Synopsis

 

SYNOPSIS

 “A Meets B”

– A one act play

 

It is midnight in an isolated part of the city, any city.  A certain Mr. A comes upon a certain Mr. B making a lengthy telephone call in a public phone booth.  As Mr. A is in a hurry to make his own phone call, he raps upon the glass to hurry Mr. B along.  Annoyed by this intrusion, Mr. B terminates his chat to let Mr. A call.   A is about to enter the booth when he notices an imaginary obese man, then a fantastical overweight woman sitting atop Mr. B‘s head.  Mr. B becomes irritated with this absurdity which only makes Mr. A goad Mr. B further.  Soon, a number of things happen: A begins to hear voices emanating from these imaginary people; he accuses B of talking to a personal shrink and makes fun of said shrink; he accuses B of hiding a large wife.  When B threatens to call the police, A says that this “big fat woman”, or B‘s wife, is now jumping on the telephone booth.  When A refers to one of his own hallucinations as “baby”, B demands to be drawn into A‘s game:  who is “baby”?  A doesn’t answer, explaining that these hallucinatory characters are really sitting in some living room and are about to have a conversation.  Suddenly, the telephone rings.  A and B both run to answer it; A gets there first but B shuts off the connection before A can hear a reply.  A wants to know who it was but B lies, saying it was a ‘wrong number’.

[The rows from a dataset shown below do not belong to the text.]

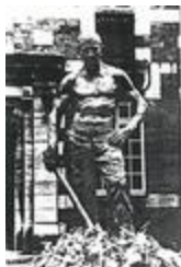
Bucheron de la forêt de la Londe (1899)
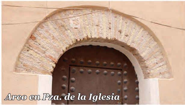
1 Arco en Pza. de la Iglesia

Arco de ladrillo en un hueco cerrado por un portón de madera con paso peatonal recortado y clavos ornamentales.
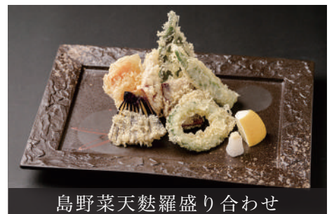
島野菜天麩羅盛り合わせ

入荷状況により県外の野菜を使用することがあります Depending on availability, vegetables from other prefectures may be used.
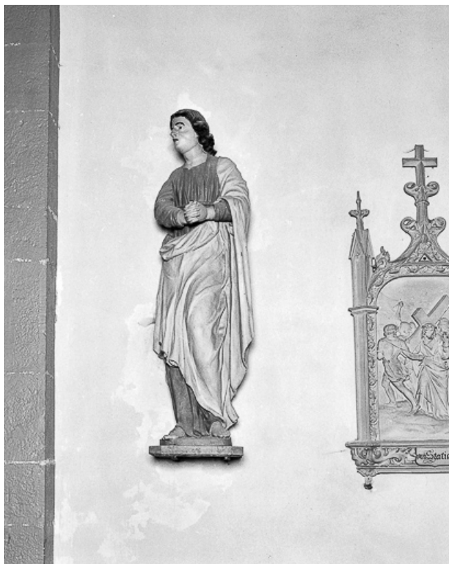
Saint Jean vu de trois quarts gauche.

39, Arlay place de l' Eglise, lieudit : Arlay-le-Bourg
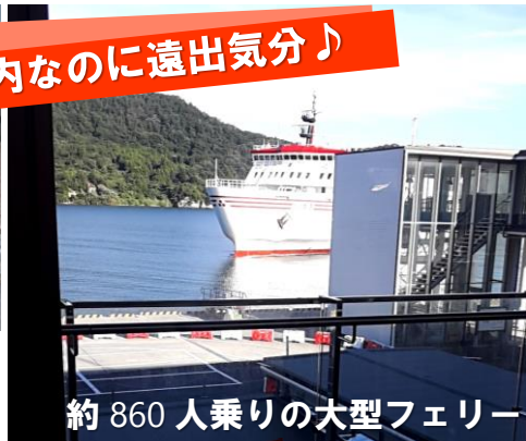
約 860 人乗りの大型フェリー
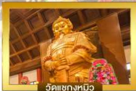
วัดแซงหมิว
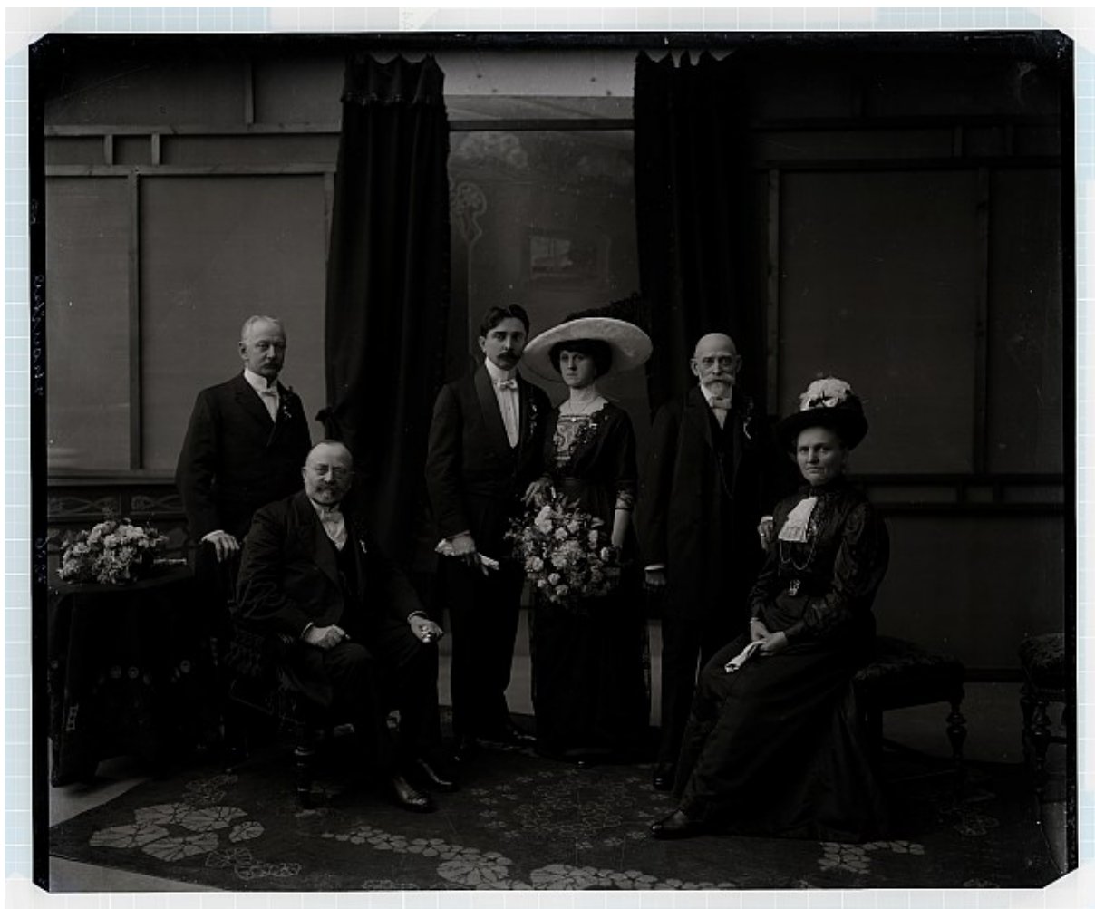
Skupinové svatební foto, 1912
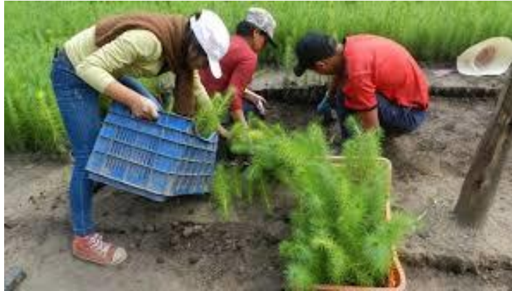
Reforestación 42 comunidades

La meta prevista en el plan estratégico institucional es de un 50% de la población protegida ante la ocurrencia de peligros naturales.
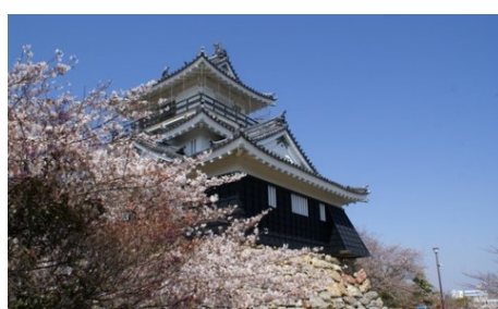
④浜松城公園（浜松市）

Abruptly, A changes the game and walks away from B.  This tactic seems to intrigue B who now becomes the questioner.  He has A depict an imaginary scene atop the phone booth in which the little fat man is upset and crying in front of the big fat woman who is handing him tissue paper to absorb his tears.  This triggers an emotional reaction from B who accuses A of being a spy for the ‘big fat woman’.  Now, A takes over the questioning again: he wants to know all about the big fat woman-whether she is B‘s wife and whether she tells B what to do.  B tries to go on the counter-offensive but A is relentless.  When A sweet talks B by offering him some chocolate and suggesting they sit down on the floor and talk it out, B begins to get some things off his chest: yes, he admits he has a wife, “of sorts”; yes, she is boring, a ‘functionary’; yes, she is controlling.  B begins to tell more:  his wife is lazy, needy, and horrible and B wants more from life than he can get from her.  B wants good food, red wine, porno flicks, etc., exactly what his “so-called wife” doesn’t give him.  B continues to expose his feelings, all the while going off against his own wife-how she orders him around; how she humiliates him in front of others; how she always has the last word; how he feels this terrible constriction in his abdomen and how — At this point, B can no longer contain himself and lets fly a loud, stinking raspberry.  A seizes upon B‘s lack of control to put him down even more: A says B is full of baloney and all his thinking is done by the little man and woman on his head.  B can’t bear to hear this truth and attacks A physically when the telephone rings.  A pulls away from B to answer the phone.  To our surprise it is ….. and this is the last line of the play.